Machine Learning 3

Clustering

I. Defining Clusters

A cluster is a group of similar examples. Define cluster $k$ by a prototype $\mu_k$. $r_{nk}$ is an indicator variable, $r_{nk} \in$ {0, 1}, 1 means example $n$ is in cluster $k$; 0 means example $n$ is not in cluster $k$. The restriction is that every example must be in one cluster, $r$ is going to be a matrix where the rows of the matrix are going to sum to 1.

Compute the average of all the examples in that cluster. For every example, if it is in the cluster (i.e. $r_{nk}=1$), sum it and divide by the number of examples in that cluster.

\[\mu_k = \frac{1}{\sum^N_{n=1}r_{nk}}\sum^N_{n=1}r_{nk}\mathbf{x}_n\]

II. Objective

Maximize the similarity of every cluster.

Distortion measure: for every example in that cluster, how far is that example from the mean of the cluster.

\[J = \sum^N_{n=1}\sum^K_{k=1}r_{nk}||\mathbf{x}_n-\mu_k||^2\]

There are two parameters: cluster means $\mu_k$ and the assignment of examples to clusters $r_{nk}$. We aim to select $\mu$ and $r$ such that they minimize $J$.

Learning procedure: each update reduces the value of $J$ (can’t be negative).
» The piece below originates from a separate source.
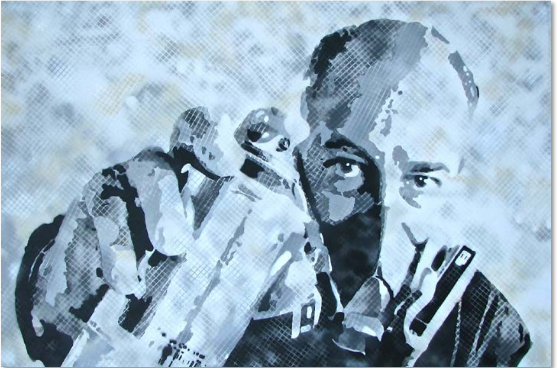
WHAT THE SURFACE SEES • ACRYLIC ON LINEN • 44 X 66 • 2013

Therefore it will converge. Note: $J$ is non-convex. Therefore, resulting value may not be the best. initial value matter! If I have a good initialization then I’m going to get a better solution. This is called k-means.

III. K-means

(1) Given data $\{(\mathbf{x}_i)\}^N_{i=1}, \mathbf{x}_i \in \Re ^N$.

(2) Randomly initialize $\mu_k$.

(3) Iteratively update until convergence:

(3.1) assign every point to the closest $\mu_k$.

(3.2) recompute means $\mu_k$.

Limitations

You have to pick $k$, k-means (Minimize distortion $J$) doesn’t tell you what $k$ is.

Solution: Hierarchical clustering
highly sensitive to outliers.

Solution: k-medoids
Works poorly on non-convex clusters.

Solution: Spectral Clustering
Assumes spherical, equally likely clusters.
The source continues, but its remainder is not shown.